[Extracted records]
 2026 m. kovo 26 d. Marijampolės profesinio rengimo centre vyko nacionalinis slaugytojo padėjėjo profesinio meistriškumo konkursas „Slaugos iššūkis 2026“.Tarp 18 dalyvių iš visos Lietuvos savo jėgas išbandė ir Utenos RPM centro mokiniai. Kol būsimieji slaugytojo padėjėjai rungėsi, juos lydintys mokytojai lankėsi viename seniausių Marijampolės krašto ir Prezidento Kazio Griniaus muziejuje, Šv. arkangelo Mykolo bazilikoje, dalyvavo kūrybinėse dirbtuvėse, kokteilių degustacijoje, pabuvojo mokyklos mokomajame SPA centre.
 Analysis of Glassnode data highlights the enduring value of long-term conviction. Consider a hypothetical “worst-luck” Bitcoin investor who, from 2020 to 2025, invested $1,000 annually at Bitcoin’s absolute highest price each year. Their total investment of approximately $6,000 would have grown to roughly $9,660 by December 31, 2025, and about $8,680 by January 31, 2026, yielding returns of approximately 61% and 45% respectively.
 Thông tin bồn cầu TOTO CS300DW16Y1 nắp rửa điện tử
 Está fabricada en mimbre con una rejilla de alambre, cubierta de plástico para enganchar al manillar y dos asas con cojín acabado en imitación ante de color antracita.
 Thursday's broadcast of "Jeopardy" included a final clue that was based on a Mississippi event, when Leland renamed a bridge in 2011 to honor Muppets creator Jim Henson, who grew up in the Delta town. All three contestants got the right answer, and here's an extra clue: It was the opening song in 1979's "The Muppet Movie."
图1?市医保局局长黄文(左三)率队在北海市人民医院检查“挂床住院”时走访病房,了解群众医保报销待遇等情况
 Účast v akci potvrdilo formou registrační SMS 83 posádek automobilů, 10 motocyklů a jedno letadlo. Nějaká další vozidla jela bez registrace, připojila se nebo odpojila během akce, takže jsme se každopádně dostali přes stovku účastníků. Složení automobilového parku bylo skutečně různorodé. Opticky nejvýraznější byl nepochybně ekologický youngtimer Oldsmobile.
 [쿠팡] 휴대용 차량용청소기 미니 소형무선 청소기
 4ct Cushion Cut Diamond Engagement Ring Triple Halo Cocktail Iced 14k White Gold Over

▶ _WHAT YOU WILL DO_:
Where the line containing "Thursday's broadcast of" appears in the data above, begin there and reproduce every line to the end exactly; include nothing else.

▶ _EXPECTED ANSWER_:
 Thursday's broadcast of "Jeopardy" included a final clue that was based on a Mississippi event, when Leland renamed a bridge in 2011 to honor Muppets creator Jim Henson, who grew up in the Delta town. All three contestants got the right answer, and here's an extra clue: It was the opening song in 1979's "The Muppet Movie."
图1?市医保局局长黄文(左三)率队在北海市人民医院检查“挂床住院”时走访病房,了解群众医保报销待遇等情况
 Účast v akci potvrdilo formou registrační SMS 83 posádek automobilů, 10 motocyklů a jedno letadlo. Nějaká další vozidla jela bez registrace, připojila se nebo odpojila během akce, takže jsme se každopádně dostali přes stovku účastníků. Složení automobilového parku bylo skutečně různorodé. Opticky nejvýraznější byl nepochybně ekologický youngtimer Oldsmobile.
 [쿠팡] 휴대용 차량용청소기 미니 소형무선 청소기
 4ct Cushion Cut Diamond Engagement Ring Triple Halo Cocktail Iced 14k White Gold Over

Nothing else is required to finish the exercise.